--- Instructions to follow ---
Retype the lines below exactly, but only those from the line that has "A celestial floral" through the line that has "اللَّهُ الرِّبَا وَيُرْبِي". Omit every picture.

--- Supplied information ---

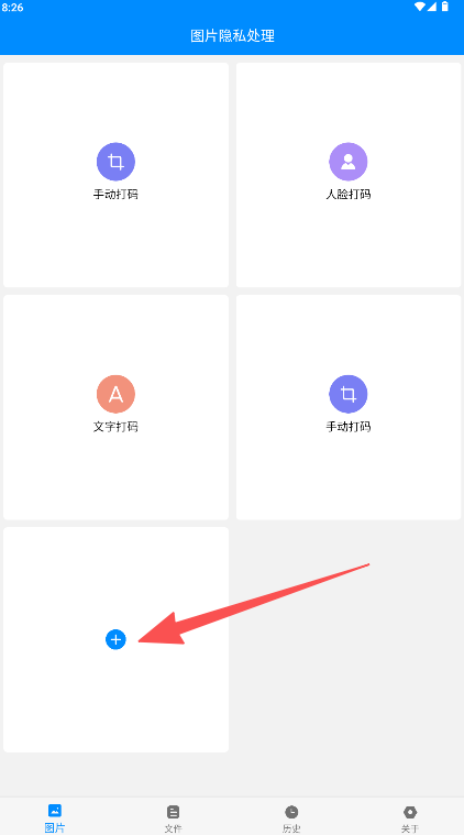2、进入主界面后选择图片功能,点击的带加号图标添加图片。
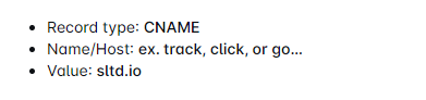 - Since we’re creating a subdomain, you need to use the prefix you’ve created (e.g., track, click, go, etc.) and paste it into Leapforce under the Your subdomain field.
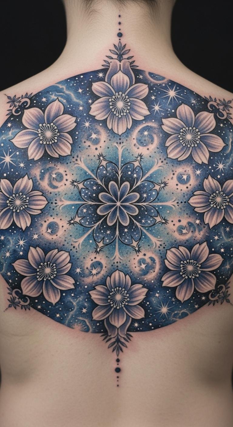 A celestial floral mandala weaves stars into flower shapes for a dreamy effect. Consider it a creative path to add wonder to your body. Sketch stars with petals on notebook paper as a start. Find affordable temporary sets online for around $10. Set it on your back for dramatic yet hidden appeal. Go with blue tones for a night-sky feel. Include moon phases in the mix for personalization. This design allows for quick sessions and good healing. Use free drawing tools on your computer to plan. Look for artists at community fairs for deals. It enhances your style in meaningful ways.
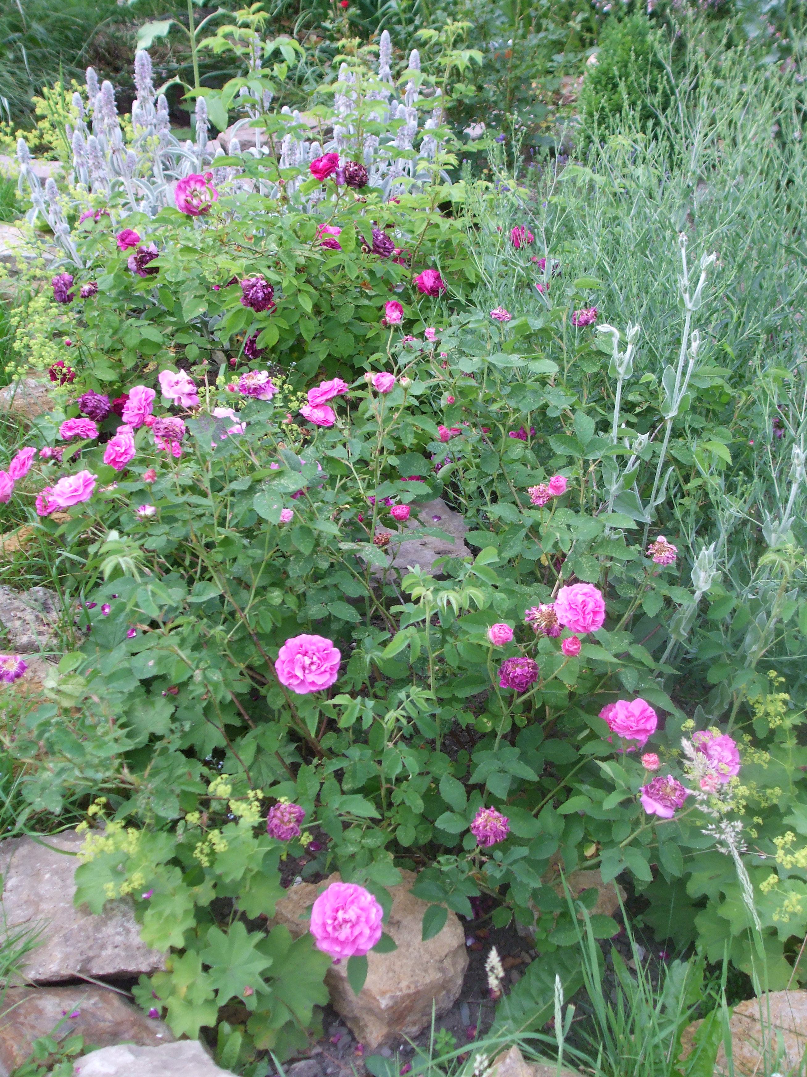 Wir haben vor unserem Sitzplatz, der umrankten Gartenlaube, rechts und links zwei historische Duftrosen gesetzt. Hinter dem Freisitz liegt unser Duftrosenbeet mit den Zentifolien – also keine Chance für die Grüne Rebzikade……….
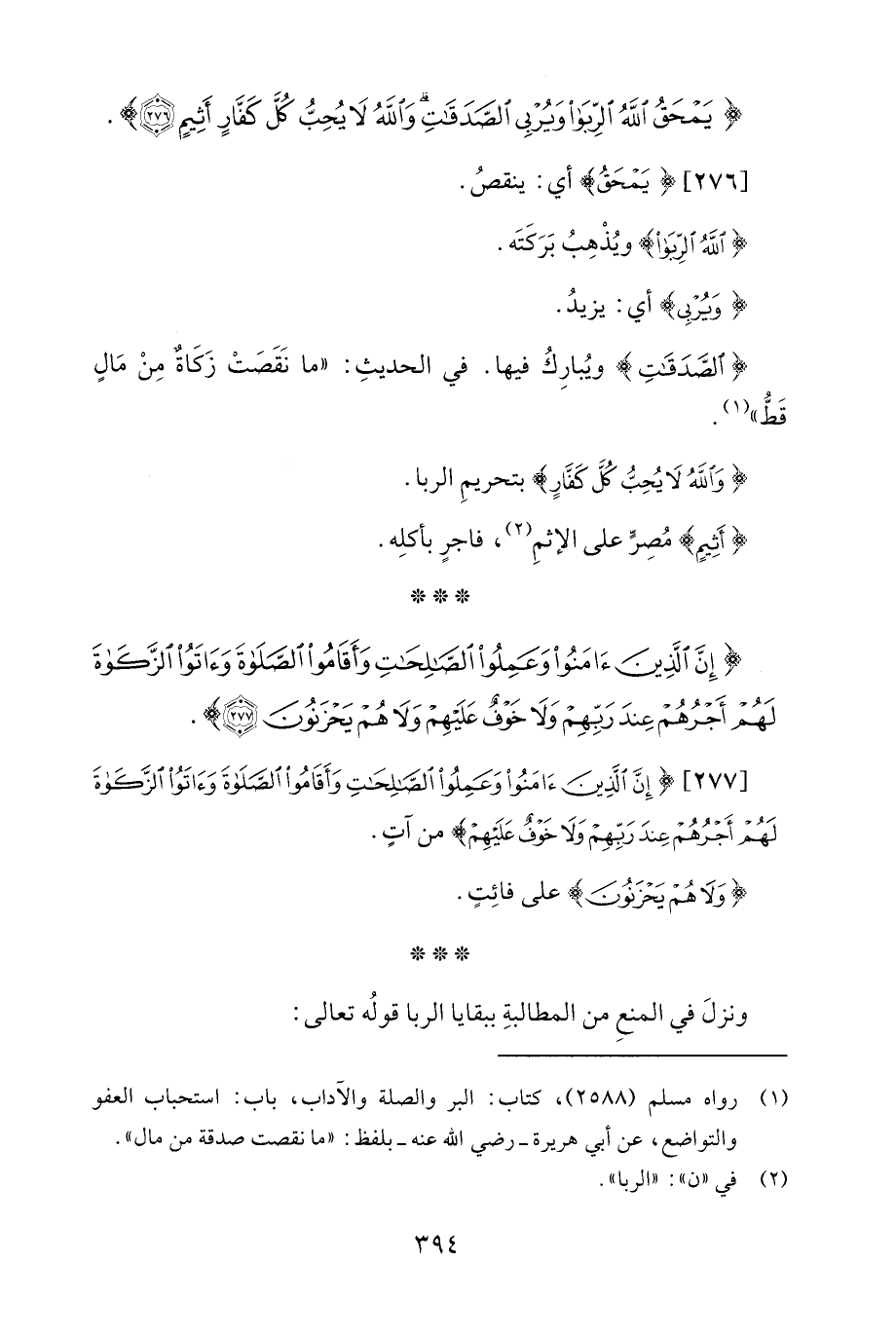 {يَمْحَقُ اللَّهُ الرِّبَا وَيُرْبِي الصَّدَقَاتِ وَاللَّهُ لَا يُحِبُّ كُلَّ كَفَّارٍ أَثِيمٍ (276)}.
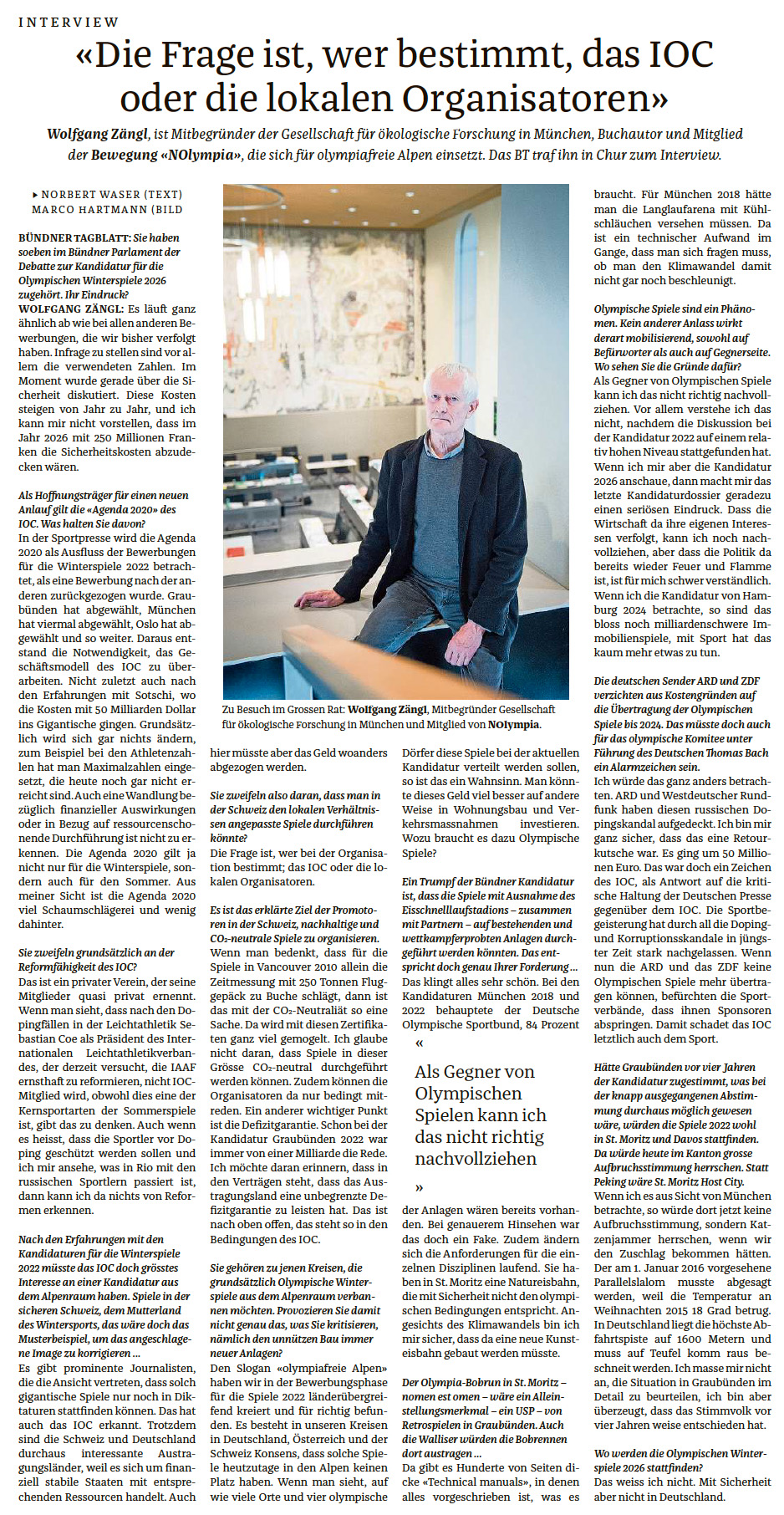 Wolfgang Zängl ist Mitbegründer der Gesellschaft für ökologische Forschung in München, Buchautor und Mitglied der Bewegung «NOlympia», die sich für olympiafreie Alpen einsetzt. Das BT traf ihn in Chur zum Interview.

--

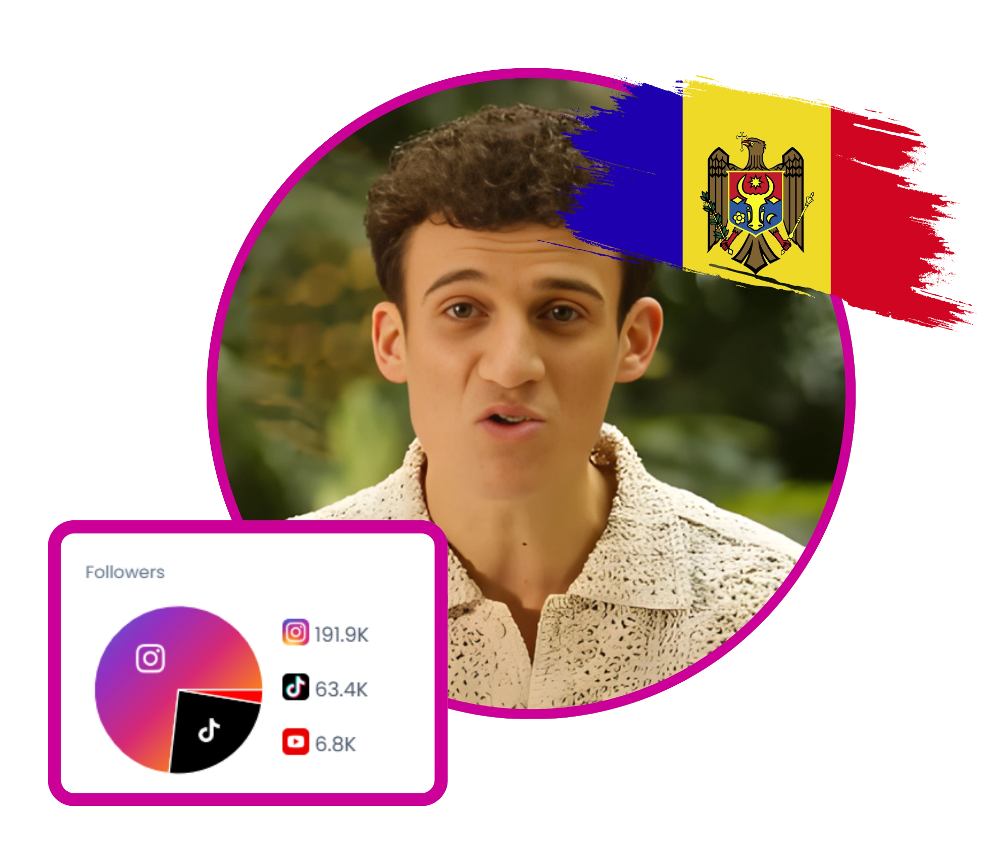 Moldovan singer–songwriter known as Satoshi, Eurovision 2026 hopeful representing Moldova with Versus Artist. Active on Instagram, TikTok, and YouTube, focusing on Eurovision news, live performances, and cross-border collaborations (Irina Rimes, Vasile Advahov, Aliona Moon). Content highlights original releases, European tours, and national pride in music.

--

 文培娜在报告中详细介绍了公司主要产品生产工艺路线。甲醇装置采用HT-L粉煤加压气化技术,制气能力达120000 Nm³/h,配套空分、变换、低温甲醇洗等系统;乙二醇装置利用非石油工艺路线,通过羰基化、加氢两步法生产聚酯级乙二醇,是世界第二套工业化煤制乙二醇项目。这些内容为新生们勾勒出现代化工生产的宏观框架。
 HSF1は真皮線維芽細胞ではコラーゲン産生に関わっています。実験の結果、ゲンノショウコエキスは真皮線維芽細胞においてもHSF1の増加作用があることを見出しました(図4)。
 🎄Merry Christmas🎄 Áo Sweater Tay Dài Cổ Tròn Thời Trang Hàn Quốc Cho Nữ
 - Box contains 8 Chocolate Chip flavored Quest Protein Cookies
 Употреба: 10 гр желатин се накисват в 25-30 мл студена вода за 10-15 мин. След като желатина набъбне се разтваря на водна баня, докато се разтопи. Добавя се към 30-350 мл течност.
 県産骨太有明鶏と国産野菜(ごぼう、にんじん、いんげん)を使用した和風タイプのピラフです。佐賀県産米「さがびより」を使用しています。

--- Task response ---
 A celestial floral mandala weaves stars into flower shapes for a dreamy effect. Consider it a creative path to add wonder to your body. Sketch stars with petals on notebook paper as a start. Find affordable temporary sets online for around $10. Set it on your back for dramatic yet hidden appeal. Go with blue tones for a night-sky feel. Include moon phases in the mix for personalization. This design allows for quick sessions and good healing. Use free drawing tools on your computer to plan. Look for artists at community fairs for deals. It enhances your style in meaningful ways.
 Wir haben vor unserem Sitzplatz, der umrankten Gartenlaube, rechts und links zwei historische Duftrosen gesetzt. Hinter dem Freisitz liegt unser Duftrosenbeet mit den Zentifolien – also keine Chance für die Grüne Rebzikade……….
 {يَمْحَقُ اللَّهُ الرِّبَا وَيُرْبِي الصَّدَقَاتِ وَاللَّهُ لَا يُحِبُّ كُلَّ كَفَّارٍ أَثِيمٍ (276)}.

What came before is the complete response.